• Given material
◇ ◇ ◇ ◇
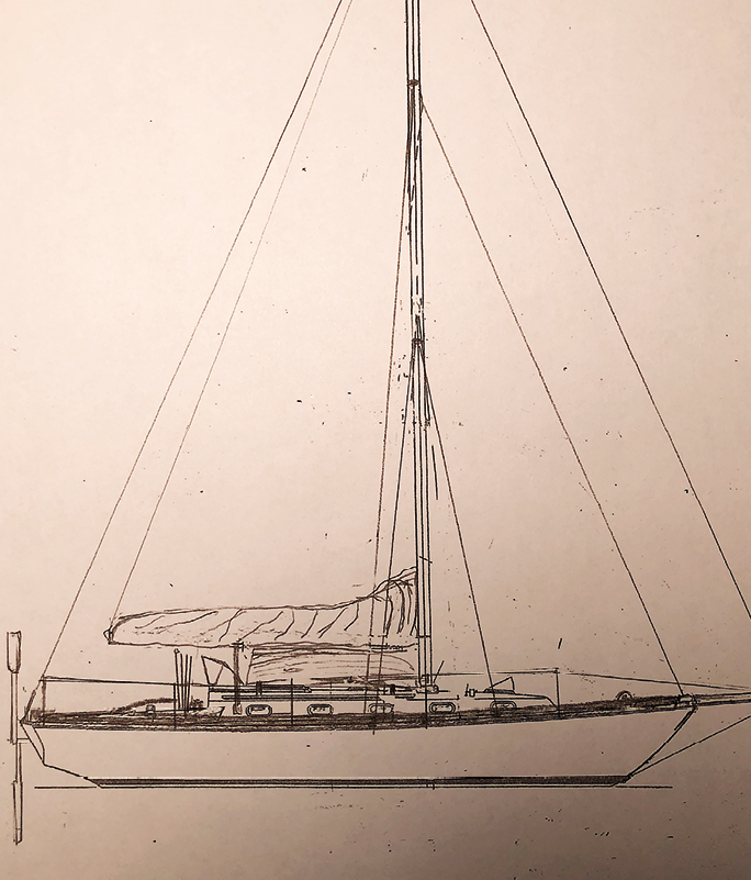 2. A profile sketch of the author’s Cape Dory 36, Far Reach, shows how the new pram-hood would appear in a profile view of the boat.
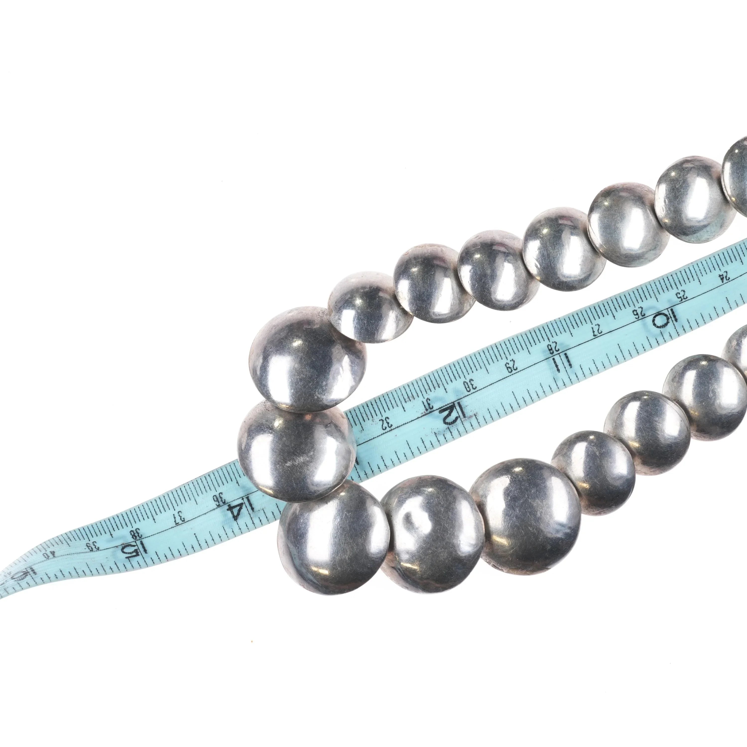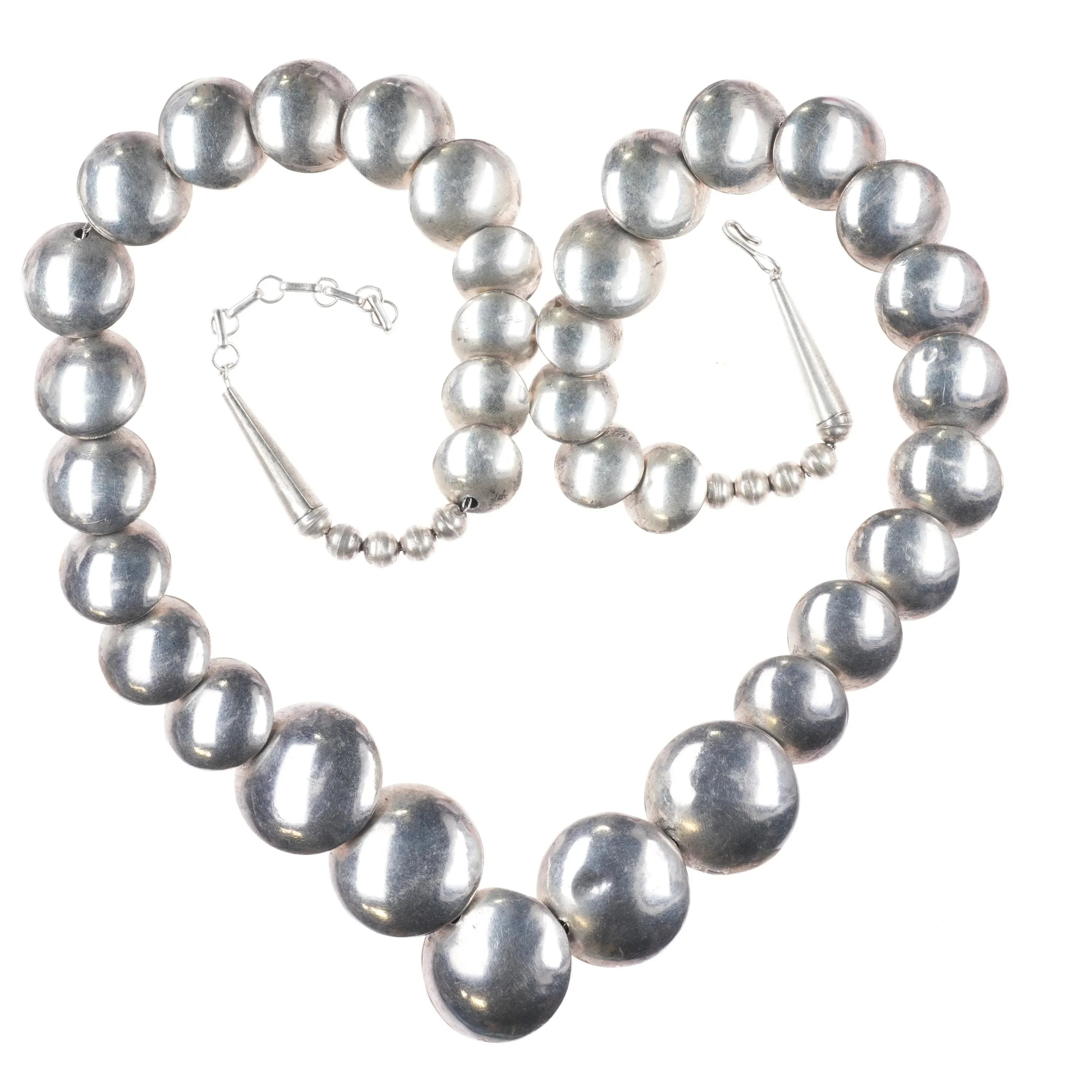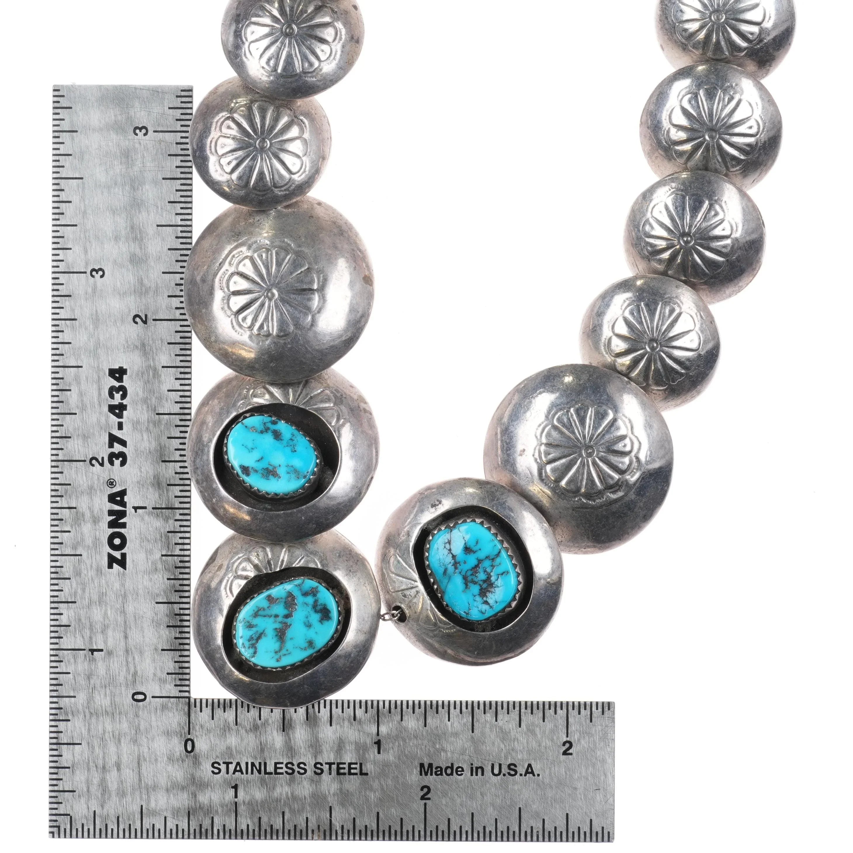 Vintage Southwestern sterling silver pillow bead necklace w/turquoise shadowbox
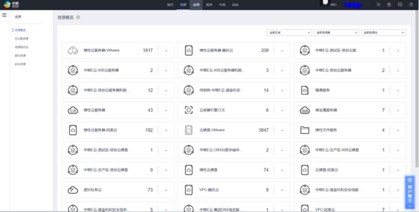 “中粮E云”实现对信创资源池、VMware资源池、公有云资源池的统一纳管。现已实现对主流公有云厂商阿里云,华为云和腾讯云的统一纳管。通过用户角色权限管控实现对不同资源的统一在线申请和开通,实现集团与专业化公司的分权分域管理,既保证了各专业化公司使用的便捷性,同时也对各类资源的使用进行了统一管控。
◇ ◇ ◇ ◇
• Aim of the task
Exactly as written, return each line above and leave the pictures behind.

• Answer area
 2. A profile sketch of the author’s Cape Dory 36, Far Reach, shows how the new pram-hood would appear in a profile view of the boat.
 Vintage Southwestern sterling silver pillow bead necklace w/turquoise shadowbox
 “中粮E云”实现对信创资源池、VMware资源池、公有云资源池的统一纳管。现已实现对主流公有云厂商阿里云,华为云和腾讯云的统一纳管。通过用户角色权限管控实现对不同资源的统一在线申请和开通,实现集团与专业化公司的分权分域管理,既保证了各专业化公司使用的便捷性,同时也对各类资源的使用进行了统一管控。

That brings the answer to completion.